Further to my original video walkthrough of the Opportunities Online system I was asked to create a new version showing the events booking functionality. I split it into three sections and recycled the ‘Logging In’ scene from the earlier content item to save some work and time. I have also continued to work on the style and presentation of these to make them even better, making the image on the welcome slide full screen for a smoother appearance and increased visual impact for example.
The Destination of Leavers from Higher Education survey has become a crucial part of university rankings and, with all surveys, there is a correlation between positive results and the numbers completing the survey. Analytics over the past few years at Sunderland have shown that we have a significant percentage of people who start the survey but don’t complete it. To help improve this our Careers and Employability Service asked me to create a video walk-through of the survey showing people what it looks like and how long it takes to complete. This was building on earlier work I’ve done for Careers using Storyline which has been very well received.
Keen-eyed observers will have noticed the new Qualifications page above, where you can see my certificates and details of the courses which I studied. I ummed and ahhed about adding this page as I’m always wary about putting too much information online, but part of the purpose of this blog is to serve as a portfolio so it is very relevant, especially as I will be citing my qualifications when renewing my CMALT and will almost certainly be hosing the submission here. And yes, the images are quite low-resolution as I don’t want any nefarious types downloading them and using them to fake their own certs.
I’ve delivered a couple of training sessions lately where I’ve been plugging Storyline to people and how we can use it to enhance their learning materials. To help with this I have created a very comprehensive presentation showing all of the major features including all of the quiz and survey question types, interactions and screen and video capture options.

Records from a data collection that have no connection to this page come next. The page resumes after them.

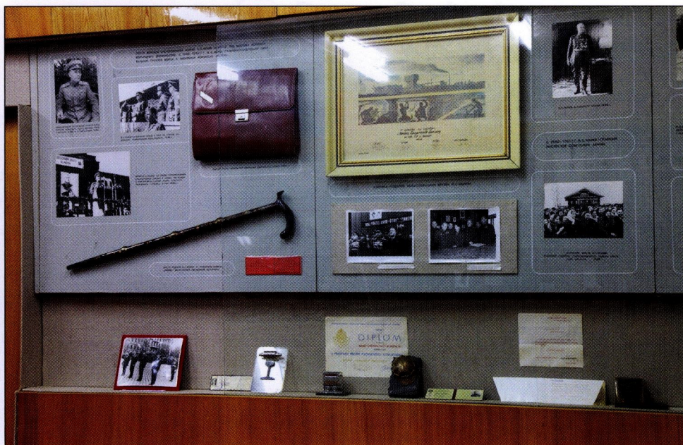
▲ Экспозиция дома-музея

маршала Ивана Степановича Конева. Здесь собраны вещи маршала — его военная форма, ордена и медали, карты основных операций, которые проводились под командованием Ивана Степановича, книги из его личной библиотеки,
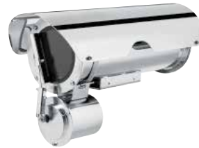
NXM36 + VIPNX
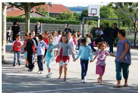
Ronde à la récré

du comité technique paritaire à l'Inspection académique le vendredi 3 septembre pour
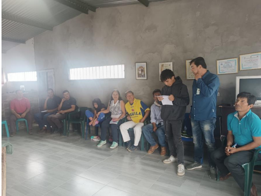
Formación en fortalecimiento en mercadeo y ventas 15 de marzo ficha 3181454
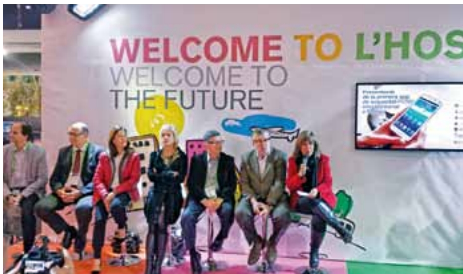
La presentació es va fer al recinte firal Granvia de l'Hospitalet, dins el marc de la fira Smart City Expo, amb la presència dels 7 alcaldes i alcaldesses.
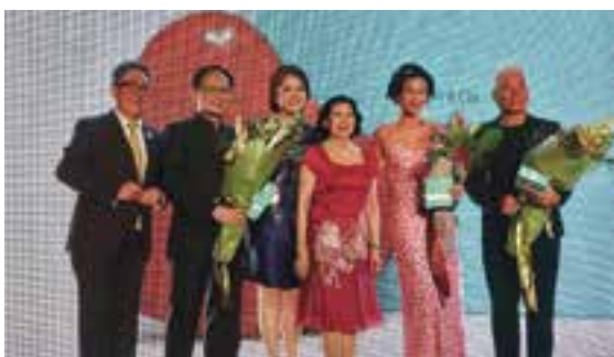
2016年为众圣之家筹款演出。
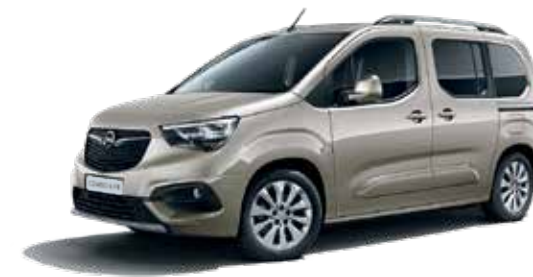
Cool Grey (GAC) בז' מטאלי*
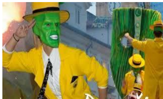
Slika 11: The Mask
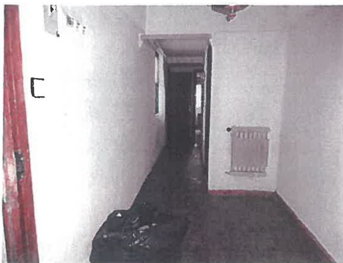
VESTÍBULO Y PASILLO
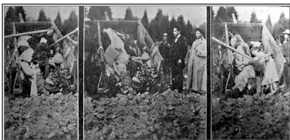
Figura 1. Fosa común, Cementerio Bogotá. La carreta macabra.

Igualmente, los informes oficiales hablan de una “triste insipiente de nuestra higiene pública merced a la cual pueden reputarse como un milagro la existencia normal de la ciudad, con sus calles llenas de lodo o de polvo (...) y sobre todo esto, la miseria y el supremo desaseo en que viven las clases bajas del obrerismo” (30) (figura 1).
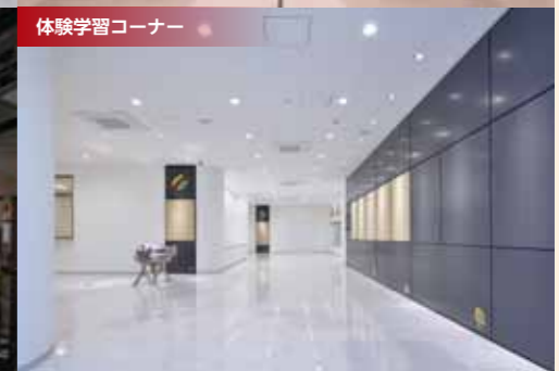
体験学習コーナー
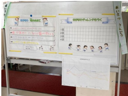
ながなわチャレンジ 班のめあて設定 ⇒ 記録を記入
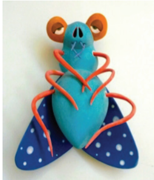
Görsel 28. “Karasinek-I” 15,5x21x14 cm, 2016

Bazı eserlerde böceğin en rahatsız edici kısmı olduğunu düşünülen bacaklar ön plana çıkarılmaktadır. Bazılarında ise insana özgü ifade ve mimiklerin belirgin bir şekilde ortaya konulduğu görülmektedir. Bu yorumlarla seramik malzemenin plastik dilini vurgulanarak, izleyicinin dikkatini çekmesi için eserlerde canlı renkler kullanılmış olup çiçek, puantiye ve benzeri bezemelere yer verilmiştir.
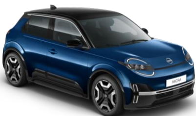
Marine Modrá / Čierna strecha YWW – 500 EUR
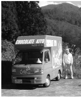
利賀生まれの手作りチョコレート販売する移動車と

お客様に好評を得て、今年のバレンタインデーにはアピタ・ユニー系列で限定販売され、早々と品切れになるくらい。また、販路の拡大ではチョコレート販売できるお店

In conversation with a colleague in Academic Development about how to target new starters and make them aware of all the fabulous tools and services we have to offer, we came up with the idea of having short, one-page ‘quick start’ guides for each of our core tools which would provide an introduction, explain what it was and how it could help, how to access and where to find more detailed information. I wrote the ones on Equella, Turnitin and ClassLive (Blackboard Collaborate) myself, and edited the others to a greater or lesser extent to make the style and content match across the range.
Further to the video walkthrough, I have now been able to integrate Careers’ PowerPoint presentation into this Storyline item to create a more seamless experience for students. It has been well received and the customer has been impressed by what Storyline can do, so there is almost certainly going to lead onto more work in the future which will enhance the online material which our Careers and Employment service provides.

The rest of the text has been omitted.